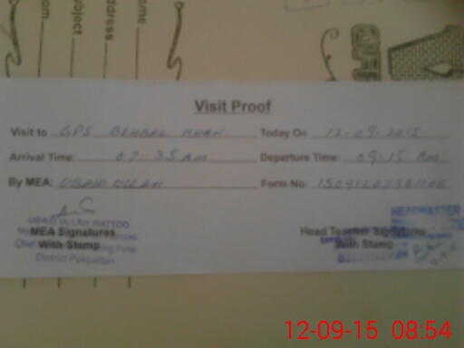 | Attendance Register | Head Teacher | MEA with School | Visit Proof |
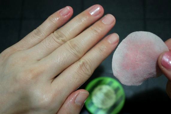 《Nicka K 妮卡》卸甲棉片使用後呈柔和的淡粉色(似手上的指甲油色),且有油滑指甲,棉片用擦拭手後足有。
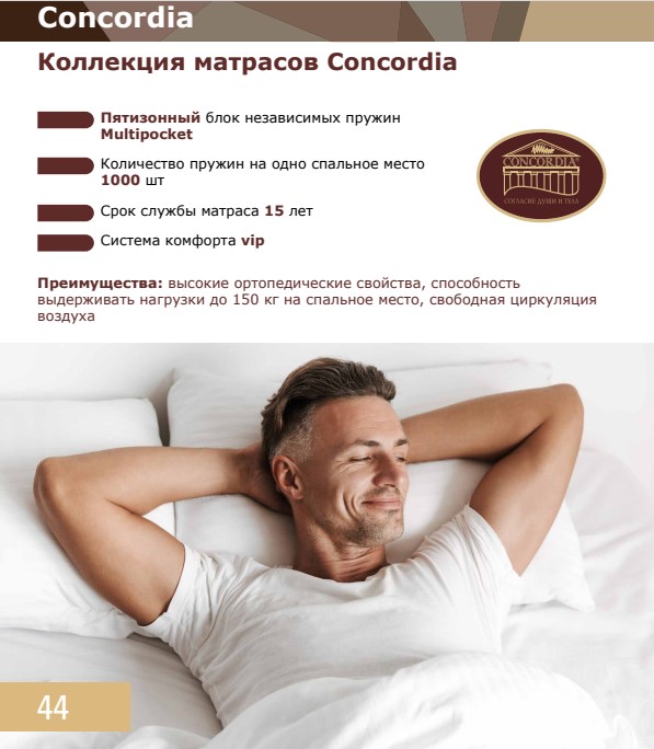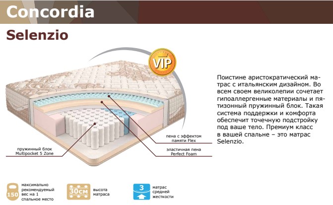Поистине аристократический матрас с итальянским дизайном. Во всем своем великолепии сочетает гипоаллергенные материалы и пятизонный пружинный блок. Такая система поддержки и комфорта обеспечит точеченую подстройку под ваше тело. Премиум класс в вашей спальне - это матрас Selenzio. Матрас объединяет в себе все лучшие свойства материалов, специально созданных для достижения максимального комфорта и уюта. Надежная внутренняя конструкция матраса обеспечивает отличную поддержку позвоночника. А высокоэластичная суперпена с эффектом памяти создает непревзойденное ощущение невесомости и легкости. Особенную прохладу, свежесть и мягкость придает матрасу Concordia Celenzio чехол, выполненный из трикотажа с волокнами вискозы и пропитанный ионами серебра. Погружаясь в сказочный волшебный сон, Вы будете чувствовать лишь нежность, легкость и беззаботность.
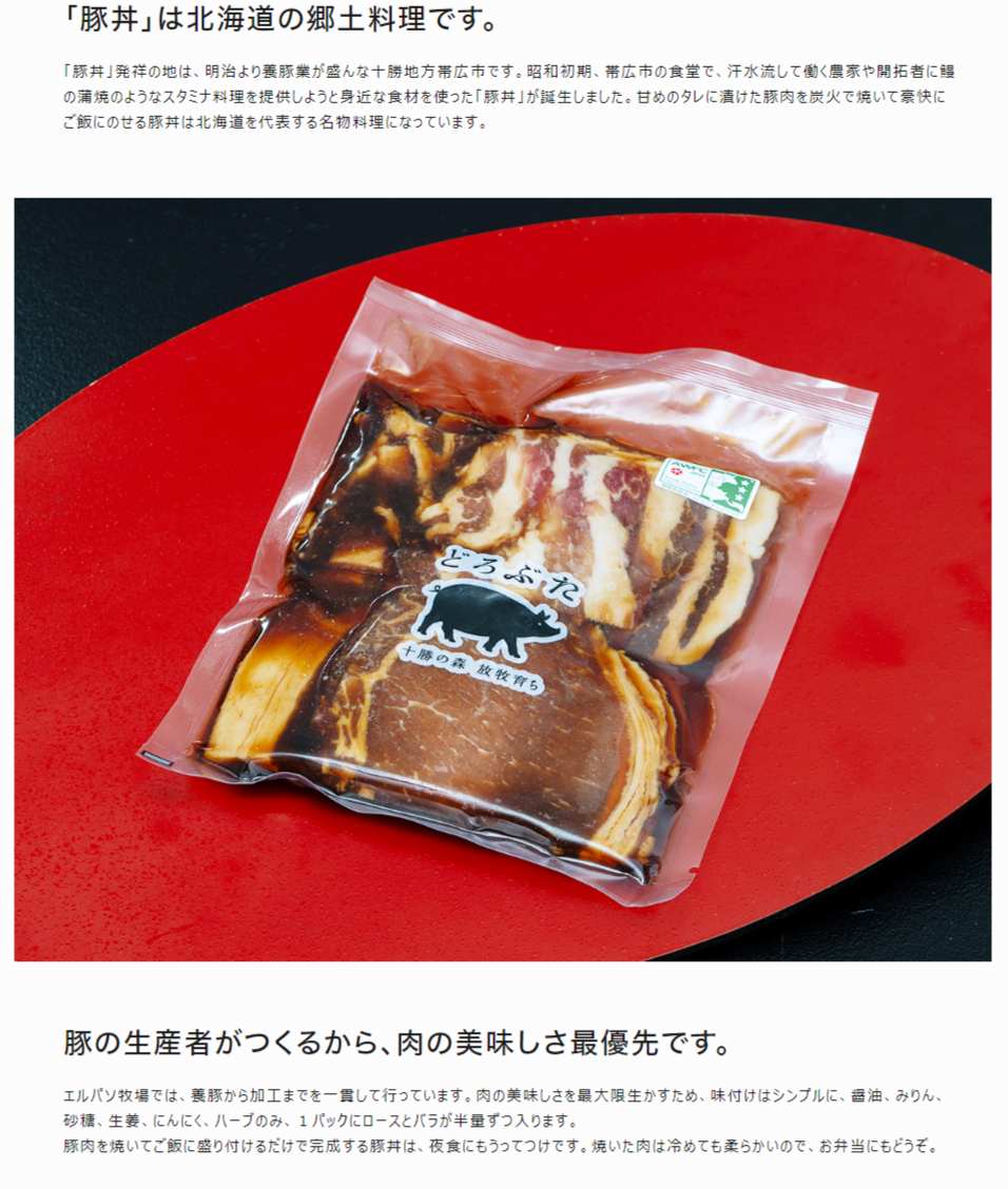 地元十勝の名物料理「豚丼」を手軽に楽しめる「どろぶたの豚丼用味つけ肉」をつくりました。

#### Task details
Transcribe all of the material exactly, leaving out whatever pictures it contains.

#### Expected answer
 | Attendance Register | Head Teacher | MEA with School | Visit Proof |
 《Nicka K 妮卡》卸甲棉片使用後呈柔和的淡粉色(似手上的指甲油色),且有油滑指甲,棉片用擦拭手後足有。
Поистине аристократический матрас с итальянским дизайном. Во всем своем великолепии сочетает гипоаллергенные материалы и пятизонный пружинный блок. Такая система поддержки и комфорта обеспечит точеченую подстройку под ваше тело. Премиум класс в вашей спальне - это матрас Selenzio. Матрас объединяет в себе все лучшие свойства материалов, специально созданных для достижения максимального комфорта и уюта. Надежная внутренняя конструкция матраса обеспечивает отличную поддержку позвоночника. А высокоэластичная суперпена с эффектом памяти создает непревзойденное ощущение невесомости и легкости. Особенную прохладу, свежесть и мягкость придает матрасу Concordia Celenzio чехол, выполненный из трикотажа с волокнами вискозы и пропитанный ионами серебра. Погружаясь в сказочный волшебный сон, Вы будете чувствовать лишь нежность, легкость и беззаботность.
 地元十勝の名物料理「豚丼」を手軽に楽しめる「どろぶたの豚丼用味つけ肉」をつくりました。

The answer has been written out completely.